Some scribbles detailing various SQL approaches for retrieving versioned data

A common theme in home-rolled retrofitted database data history versioning implementations is the presence of a table column within a database table named, for example, CURRENT or MOSTRECENTVERSION, or the addition of a column named VERSION, VERSIONNO, or VERSIONNUMBER.

Retrieval of information from a table in the first scenario would result in typical SQL with a syntax not dissimilar to

SELECT something
  FROM somewhere
    WHERE mostRecentVersion = ‘Y’
      AND a whole bunch of other predicates and stuff.

Clearly too, some supporting DML needs to be implemented to ensure that only a single row within any group has the MOSTRECENTVERSION flag set to Y.

The second scenario, where the table is endowed with a column typically named VERSIONNUMBER, appears to be the more common approach to the data versioning requirement. In the absence of a column for ordering the audit history by date modified/changed, the VERSIONNUMBER column can also substitute for this purpose too.

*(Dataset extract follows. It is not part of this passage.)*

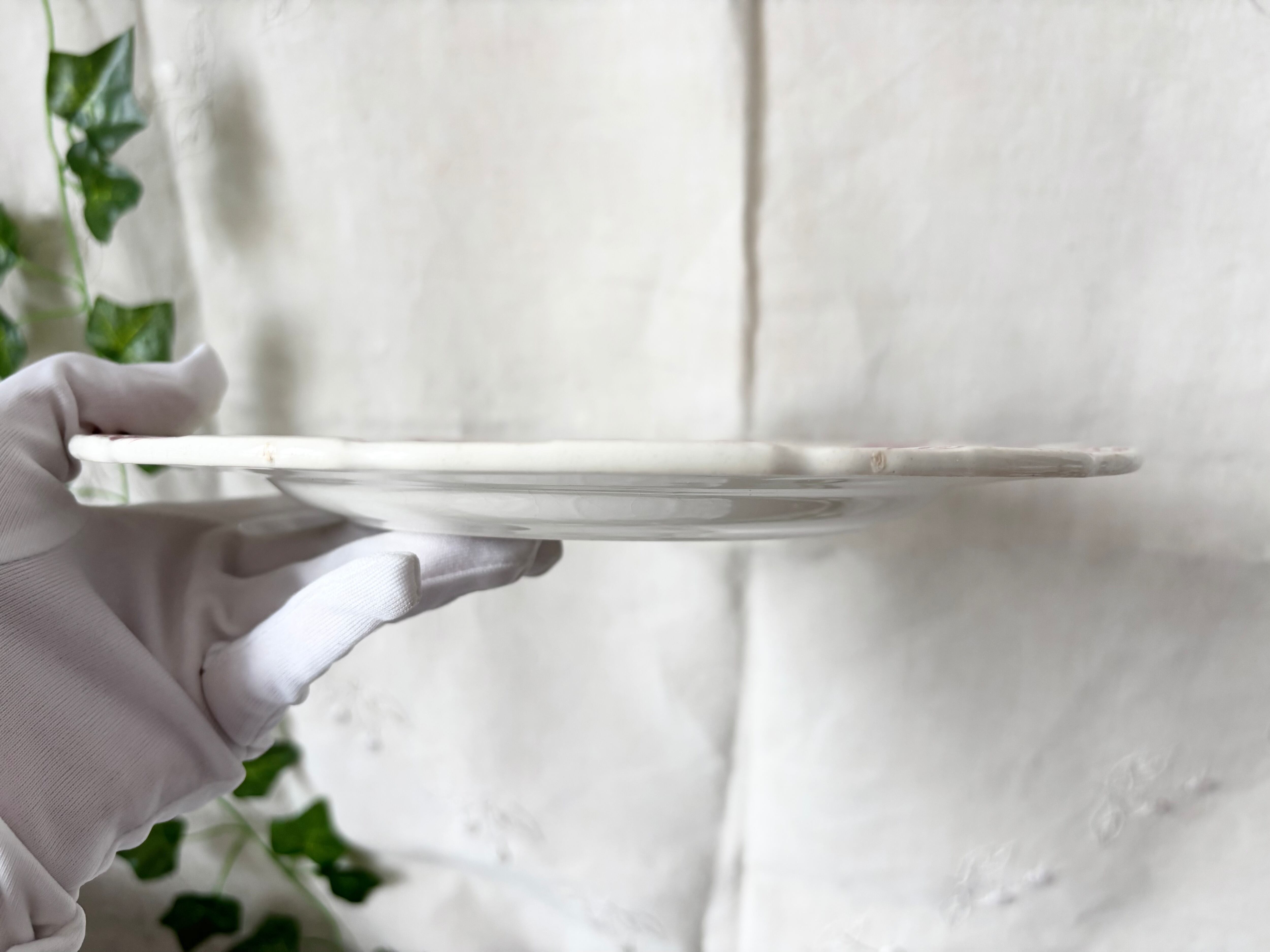 アイテムのコンディションとして、お皿の表面に美しくクレイジングが広がり、その一部が僅かに変色しています。カトラリー跡と、裏側にも貫入がございます。横から見ると僅かな突起や極小さな小傷、制作時にできた突起状の傷がございます。裏側に制作時に出来たと思われる、エナメルのライン状の突起や窪みと小さなシミが縁に数カ所ございます。この様に、極小さな色飛びとシミ、絵柄と刻印の掠れはございますが、大変艶やかで、アンティークとして、非常に良い状態のお品といえます。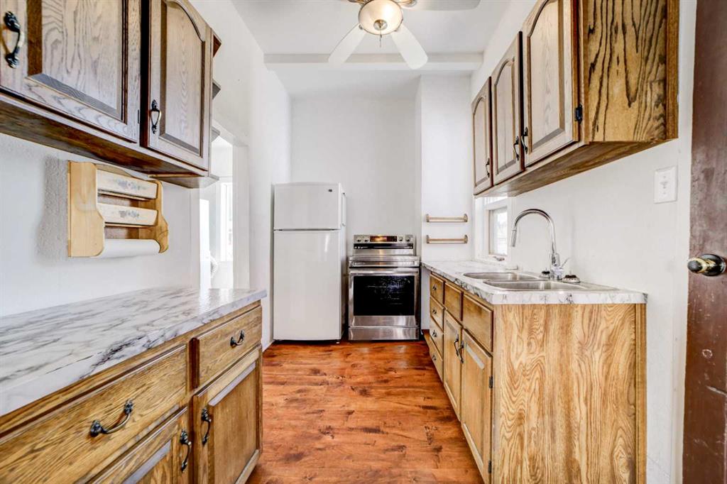 Built in 1930, this character home feels warm the moment you step inside. The home is modest in size, with two cozy bedrooms, a single bathroom, and a large living room that welcomes you with tall baseboards and high ceilings. Tons of natural light bathes the entire main floor from every angle. The kitchen comes with lots of counter space for cooking, plus a small dining nook for quiet mornings. This home has many unique touches, with an extra space off the kitchen (not heated) to use as a workshop, art studio, etc. This property is the perfect option for first time buyers at an affordable price, or those looking to try their hand at "restoring" a vintage property. With off-street parking, a fully fenced yard, and large back patio, the potential is endless at 1052 Bev McLachlin Drive. Book your visit today to have a look and let your imagination walk you through the property.

By means of an example, for the following test data set

postgres=#
postgres=#
postgres=# \connect testdb001
You are now connected to database "testdb001" as user "postgres".
testdb001=#
testdb001=# select * from tblData;
datatypeid  |  somedata  | versionnumber
------------+------------+---------------
          1 | foo        |             1
          1 | bar        |             2
          1 | baz        |             3
          2 | aaa1       |             1
          1 | qux        |             4
          5 | der Apfel  |             1
          5 | die Äpfel  |             2
          9 | die Birne  |             1
          9 | die Birnen |             2
        100 | <null>     |             1
(10 rows)
testdb001=#
testdb001=#

I have very regularly encountered the following SQL construct in production systems, used to retrieve the most recent version of some data set.

testdb001=#
testdb001=#
testdb001=# select dataTypeID, versionNumber, someData
testdb001-#  from tblData t
testdb001-#   where versionNumber = (
testdb001(#                           select max(versionNumber)
testdb001(#                             from tblData
testdb001(#                              where dataTypeID = t.dataTypeID
testdb001(#                                 group by dataTypeID
testdb001(#                         )
testdb001-#     order by 1 asc;
datatypeid | versionnumber |  somedata

------------+---------------+------------
          1 |             4 | qux
          2 |             1 | aaa1
          5 |             2 | die Äpfel
          9 |             2 | die Birnen
        100 |             1 | <null>
(5 rows)

testdb001=#

It works to be fair, but note that the most recent version number, the version number with the largest value, is obtained through a second query, more formally known as a correlated subquery. Alarm bells should ring regarding the performance implications of this approach, irrespective of whether you are using PostgreSQL, SQL Server, Oracle or some other vendor product.

Generically and minimally, and this model often appears in application architectures using micro-services, a (web)service will return, as shown above, the dataTypeID and the versionNumber (or perhaps a unique ID/PK) for the most recent version of the versioned data, and little else. Other services will then use this key/ID information to retrieve the specific data requested, invoking some other API method.

How is this minimal information obtained in SQL code? Well ….. this is the point of this blog post, and it describes the SQL variants behind the API request.

Pruning back the query above, I am going to outline the approaches I have encountered during my travels as a software developer.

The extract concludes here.